Y ahí yo os invito a los que vais a ser sacerdotes. Vosotros vais a ejercer vuestro ministerio pastoral en un contexto nihilista. El corazón humano está hecho para la verdad, y para la belleza, y para el bien, para los valores objetivos, para aquello que es capaz de dar plenitud a la vida, y que uno puede verificar en la vida. Esa es nuestra vocación, y es la vocación de todo ser humano. Y, en ese sentido, el anuncio de Jesucristo, cuando no es sólo un discurso, sino una aproximación del ser humano con afecto, con misericordia, con el deseo de recuperar y de conocer lo que pueda haber de verdad en cada cosa (hasta en la mentira más grande hay algo que tiene que ser verdadero, si no, las mentiras no se desarrollan, son estériles); si nuestro afecto por el hombre nos permite recuperar eso, hay una complicidad en el corazón de los hombre con la que contamos, y es su deseo de plenitud, su deseo de ser felices, su deseo de verdad, que lo hay, aunque esté muy enterrado bajo muchos intereses, lo hay en todo ser humano; su necesidad de ser amados, que también es una condición, probablemente, de poder ejercer adecuadamente la razón. Sólo una persona que se sabe amada, tiene razones suficientemente adecuadas para razonar gratuitamente.

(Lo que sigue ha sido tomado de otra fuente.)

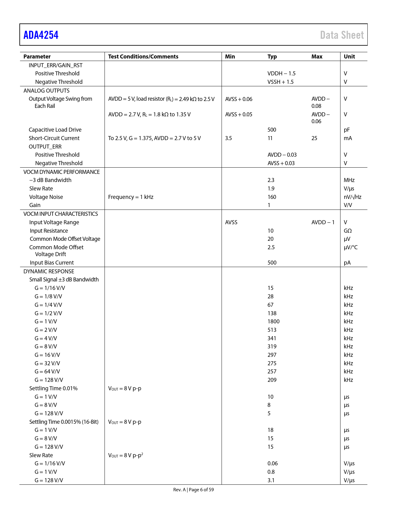Páginas / Página59 / 6 — ADA4254. Data Sheet. Parameter. Test Conditions/Comments. Min. Typ. Max. …

Nosotros no podemos ser enemigos de la razón, de la sabiduría. Y no lo podemos ser por la exigencia de nuestra propia fe, es decir, por exigencia de un amor al hombre que nos permite reconocer que cualquier brizna de verdad es una semilla del Verbo; cualquier realidad humana, cualquier experiencia humana que contiene algo de verdadero, es amable, porque, precisamente, lo que nosotros afirmamos es que el Hijo de Dios se ha hecho hombre y, al hacerse hombre, ha revelado que es Amor, Amor absoluto, Amor incondicional. Y, por lo tanto, no hay otro modo de mirar al mundo que no sea éste con el que Cristo nos mira a nosotros y a este mundo.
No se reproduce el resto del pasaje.